Always perform at least two binocularity checks when assessing orthokeratology for presbyopia. Examples include:

  • The hole in the card test - Where the practitioner asks the patient to look through a hole in a card at distance and then close each eye in turn. The eye that still remains centrally located when viewing the distant object is the dominant one. There is also a near version of this test.
  • Plus to blur - This test involves adding plus power monocularly whilst wearing the distance prescription. The eye that allows for good distance vision whilst the reading add is in front, is the near eye for target correction.

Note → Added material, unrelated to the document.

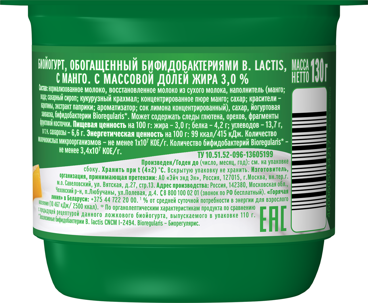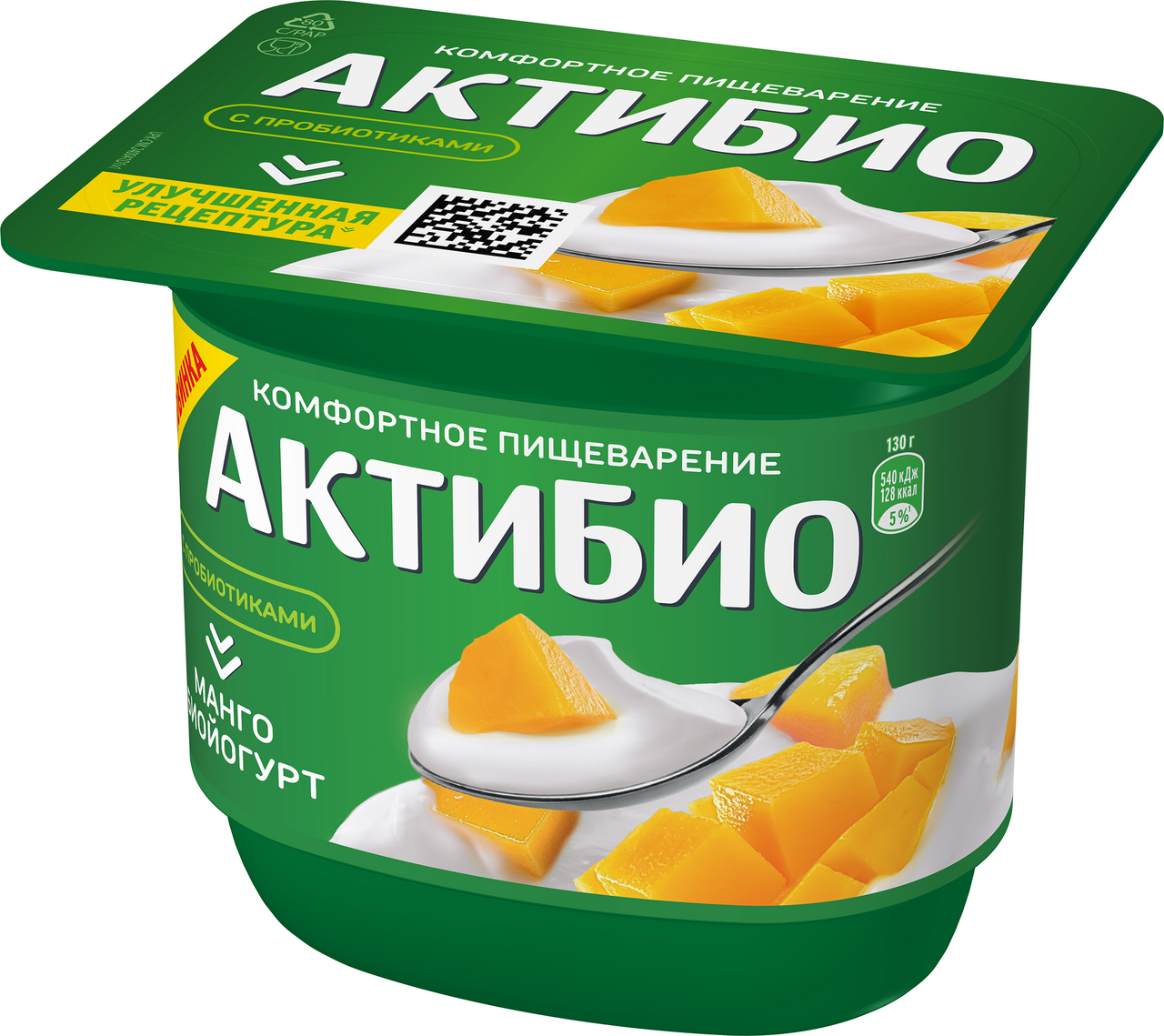 Нормализованное молоко, восстановленное молоко из сухого молока, наполнитель (вода, сахар, манго, стабилизатор — Е1442, концентрированное пюре манго, красители — каротины, экстракт паприки, ароматизатор, регулятор кислотности — лимонная кислота), сахар, йогуртовая закваска, бифидобактерии B. Lactis.

In order to increase the multifocal effect of the orthokeratology mould, we can manipulate both the treatment zone diameter and the treatment zone eccentricity.

Optic Zone Diameter

Smaller treatment zones for myopic orthokeratology create more reading effect but can also create more flare and glare. Always review the pupil size.

Optic Zone Eccentricity

An increase in eccentricity in myopic orthokeratology will improve reading but can degrade distance vision, this is because the eccentricity controls the steepness away from the very centre of treatment.


Monovision is the main way to achieve more near correction. It is unwise to decrease the visual acuity of the reading eye worse than 6/12 (20/40) in order to maintain binocularity and stereopsis.

Information required by a distributor for troubleshooting presbyopic orthokeratology:

  • Vision: distance and near monocular.
  • Pre and post corneal topographical maps.
  • Monocular refraction to achieve the optimal balance for both distance and near acuity.
  • NaFl photo of the lens on the eye.